Уильям Фолкнер – Собрание сочинений в 9 тт. Том 10 (дополнительный) (страница 165)
Взбудораженная хлябь плескалась у самого рта: остатки дневного света словно вынырнули наружу, разбиваясь на мелкие блики. Предзакатные лучи преломлялись о воду, покрывая ее сверкающей рябью. Ступая по этой воде, отягощенный ею, как есть в одежде и башмаках, с мокрыми прядями, налипшими на лицо, он наблюдал теперь, как девушка, роняя речные капли, взбирается на берег.
Он побежал к ней, вспенивая воду. Казалось, он никогда не достигнет берега. Водяные девы льнули к нему, липли к его телу: или это была его мокрая одежда? Вода волновалась пред ним: на гребнях колыхались мелкие вечерние звездочки. Наконец он достиг прибрежных ив, ощутив под рукою мокрую и скользкую землю. Пошарив, он ухватился за корень, потом за ветку, подтянулся и забрался на берег. Вода ручьем стекала с его одежды, мокрая тяжесть постепенно перемещалась вниз к ногам.
В башмаках его хлюпало, влажная одежда налипала и не давала бежать. Впереди, в безлунной темноте, он видел луч ее обнаженного тела, он видел, как она взбирается вверх по холму. Он бежал и ругался, проклиная такой счастливый случай, со всеми его несчастьями.
Обувь мешала бежать, и тогда, не спуская глаз с тусклого бегущего пламени, он скинул башмаки и припустил дальше. Одежда была грузной как свинец. Тяжело дыша, он взобрался на холм.
Над пшеничным полем всходила луна. Девушка была там, внизу: словно маленький корабль, порхающий на серебряной глади моря.

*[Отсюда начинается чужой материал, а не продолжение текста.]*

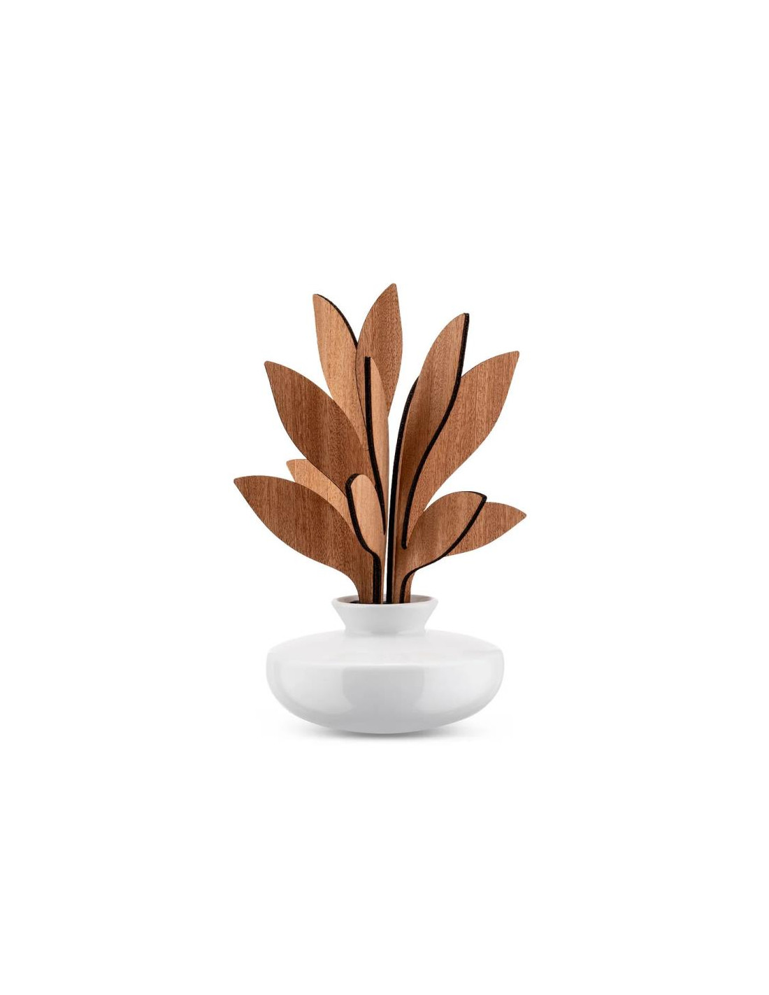 Un diffusore di fragranze per ambiente inedito e sofisticato, che sostituisce i comuni bastoncini con eleganti foglie stilizzate prodotte in legno di mogano. Un modo originale per diffondere i profumi
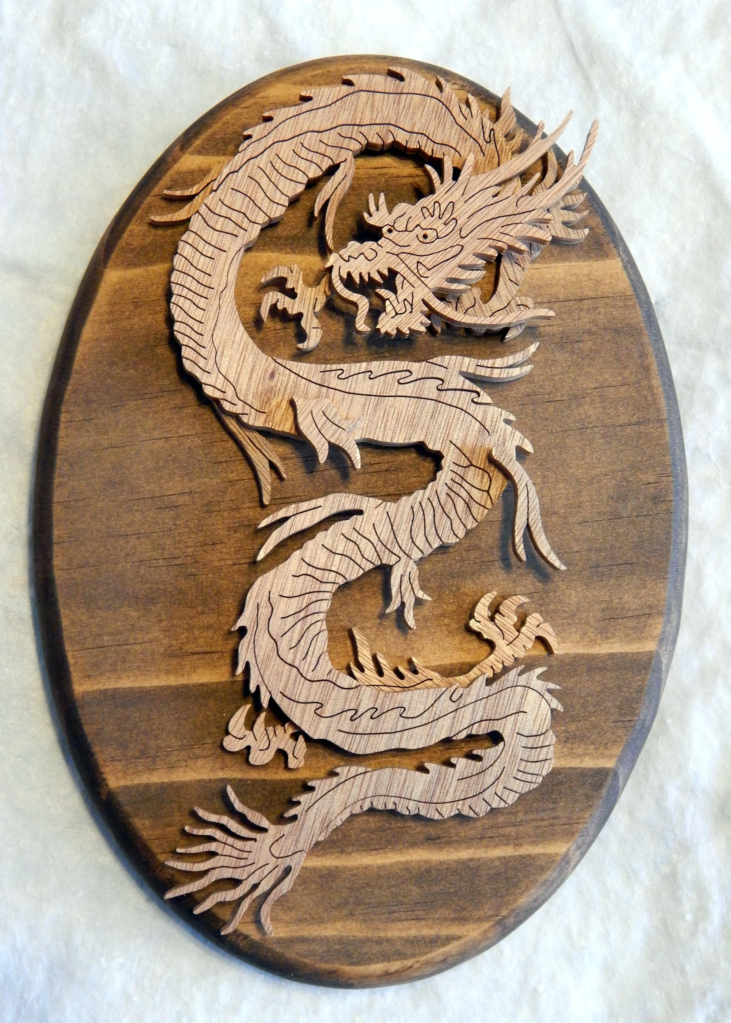 of “Brads No Laser Woodwork” specializes in scroll saw fretwork: Military Plaques, NFL Helmets, Christmas and Public Service Plaques, State Plaques and Wildlife Cutouts.
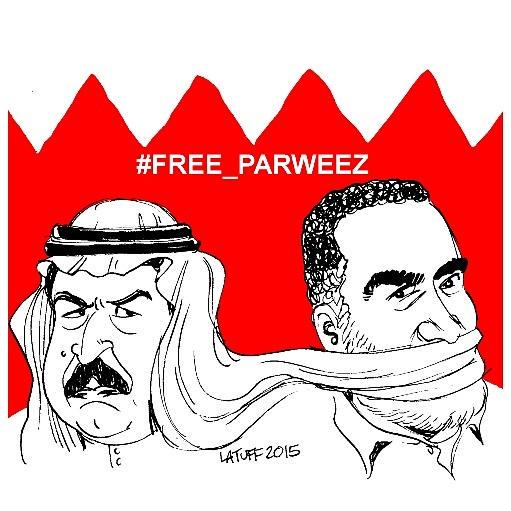 ونشر الرسام البرازيلي كارلوس لاتوف، رسما مساندا لأحد المعارضين البحرينين المسجونين من قبل النظام، وجاء في الرسم صورة الملك البحريني وبجواره محمد برويز، وقد تم “كتم” فمه، وبالأعلى هاشتاج #free_PARWEEZ.
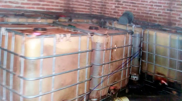 Por lo anterior, las autoridades estatales, procedieron a realizar una inspección, logrando asegurar de su interior diversos contenedores y bidones conteniendo aproximadamente mil 315 litros de hidrocarburo.
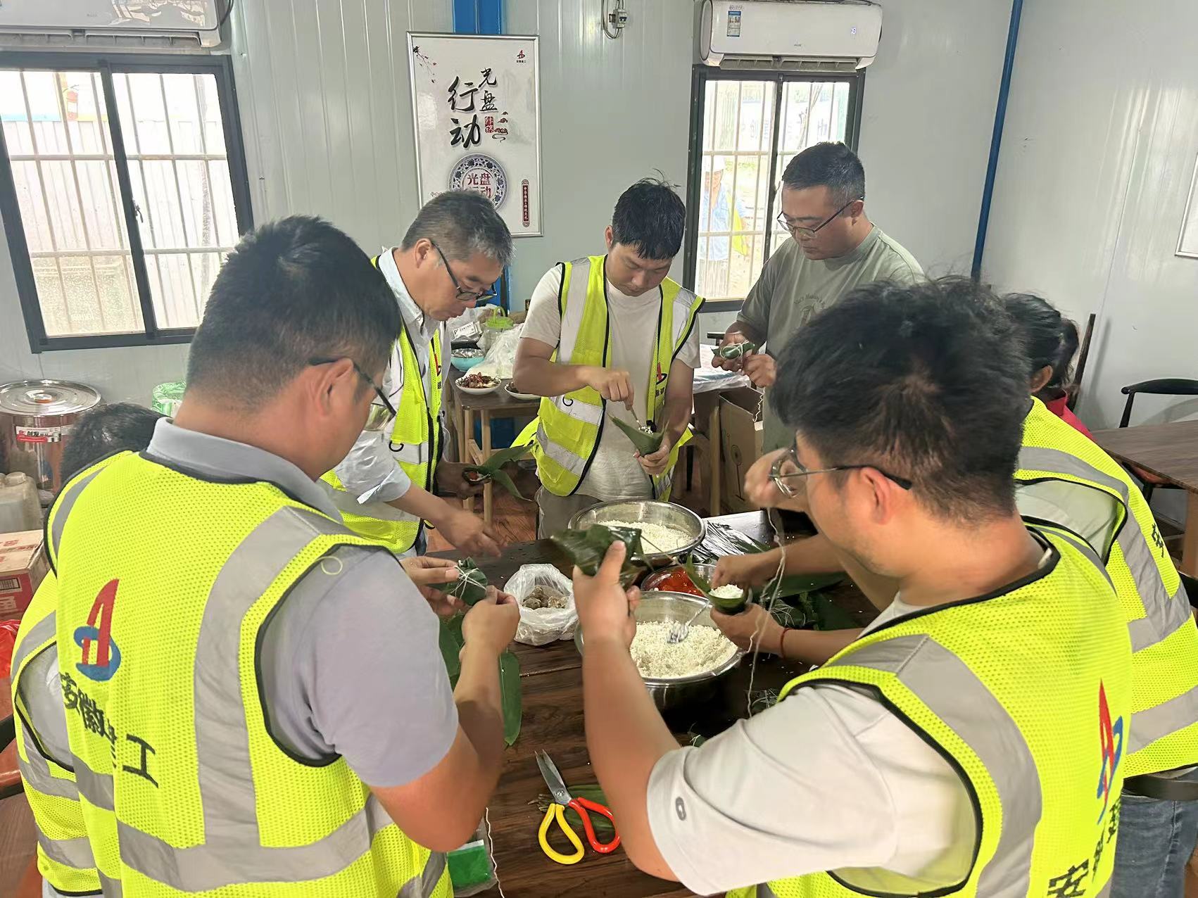 在霍邱縣行蓄洪區(qū)五標(biāo)段項(xiàng)目部,全體管理人員利用晚飯時(shí)間間隙,組織開展包粽子活動(dòng),豐富職工業(yè)余生活,增強(qiáng)項(xiàng)目凝聚力。
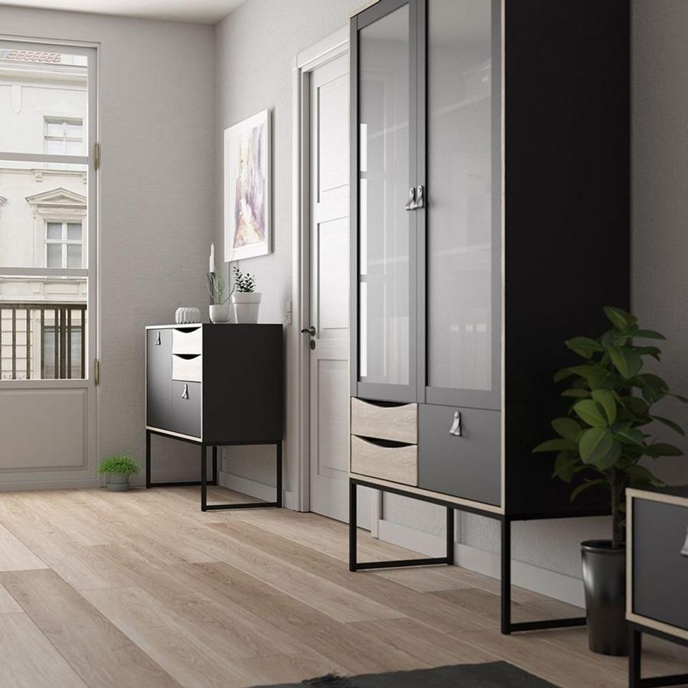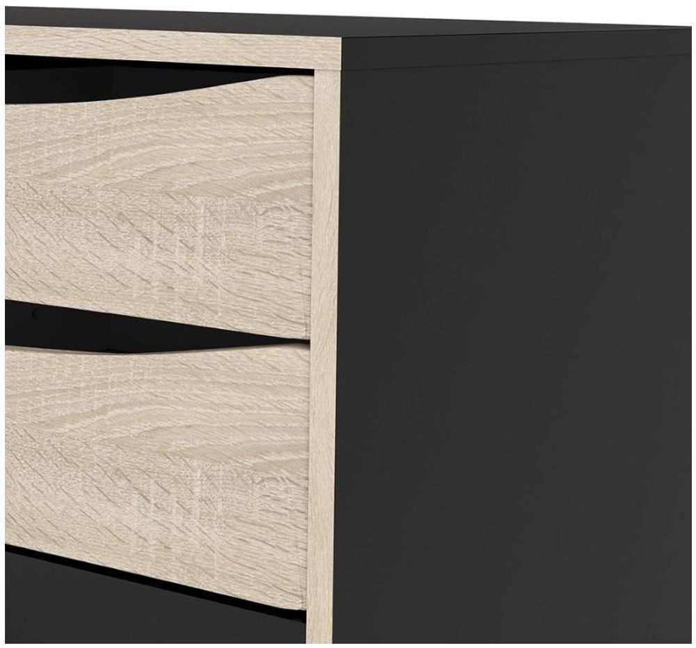 Stubbe Sideboard with 1 Door 3 Drawers in Matt Black Oak The Stubbe range features a striking design with a bold colour contrast. The clean look makes it an ideal addition to any room, whilst the sleek build makes it easy to fit into existing spaces.
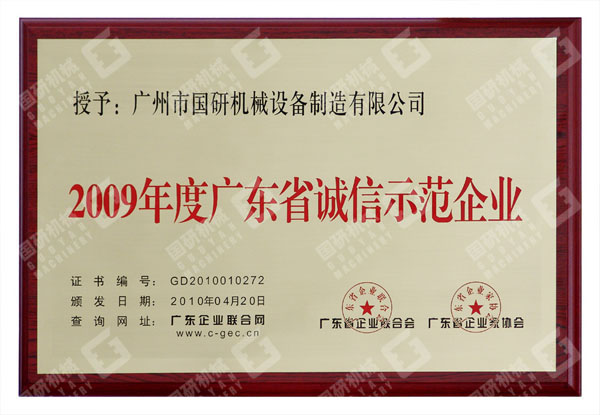此次被評(píng)為“2009年度廣東省誠信示范企業(yè)”,是對(duì)國研機(jī)械的一次巨大鼓舞和鞭策。國研機(jī)械將再接再厲,以“誠信經(jīng)營”作為企業(yè)生存之本,忠實(shí)履行企業(yè)經(jīng)濟(jì)責(zé)任與社會(huì)責(zé)任,做用戶最信賴的企業(yè),為社會(huì)提供最優(yōu)質(zhì)的產(chǎn)品與服務(wù)。
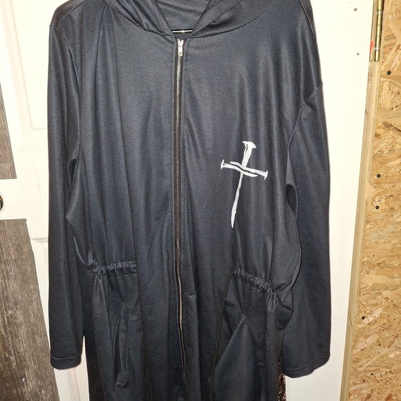 Stylish black hooded jacket featuring a unique cross x skull design. Perfect for casual wear. With hood!
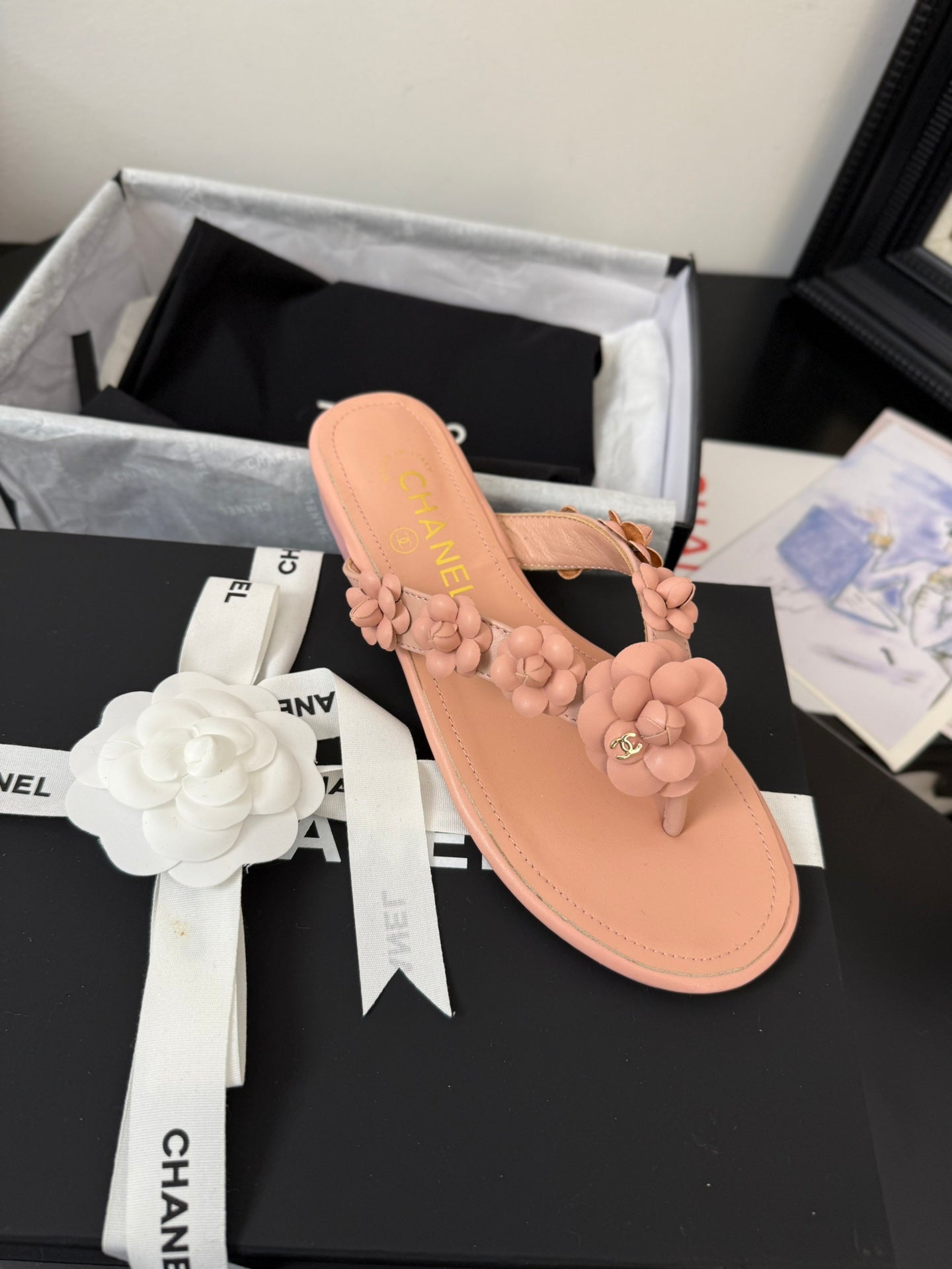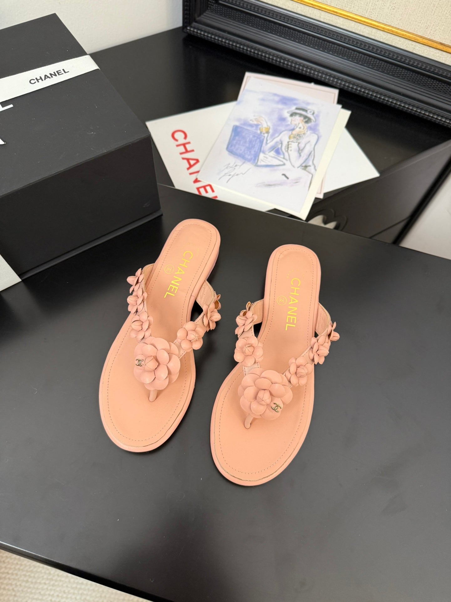 CC 25 Flower Thong Slippers Pink Cowhide 233418

Он бросился вслед. Пшеница с шелестом расступалась перед ним. Там, где он шел, позади оставалась узкая серебряная борозда: тонкая царапина, которая тотчас же зарастала, когда пшеница, распрямляясь, возвращалась на место. Девушка была далеко впереди: там, где прошла она, поле уже разгладилось. Он видел, как быстро затягивается за ней серебряная дорожка. Наконец, на самом краю поля, тело ее словно чиркнуло о ближайших ствол дерева, вспыхнуло как спичка и погасло.
Все еще бегом он миновал остаток поля и, усталый, вошел в лес. Девушка исчезла. В приступе отчаяния он бросился на землю. «И все же я коснулся ее», с безнадежной обидой подумал он, чувствуя сквозь мокрую одежду прикосновение земли, ощущая лицом и руками тонкую жесткость опавших веток.
Луна взошла высоко: она плыла в небе, раздувая свои круглые золотые щеки.
Он скорчился в судороге, вспомнив тело девушки рядом со своим, вспомнив темный лес, закат и пыльную дорогу, проклиная, что не дошел до дому.
«И все же я коснулся ее!» шептал он, пытаясь представить, как все могло быть дальше. Он вспомнил ее пугливое бедро, прикосновение острого соска. Обиднее всего было то, что она испугалась его. «Я не причинил бы тебе зла», застонал он, «я не сделал бы тебе ничего плохого».
На мгновение мышцы его свело судорогой былого труда, машинальных движений, повторяемых им в поле и на току. Но свет луны расслабил его, успокоил, шаря в его мокрых волосах, перебирая тени и свет. Он подумал про завтра, поднялся. Ощущение потустороннего присутствия исчезло: остались только ночные тени. В лунном свете сверкнула проволока изгороди. Он понял, что вышел на дорогу.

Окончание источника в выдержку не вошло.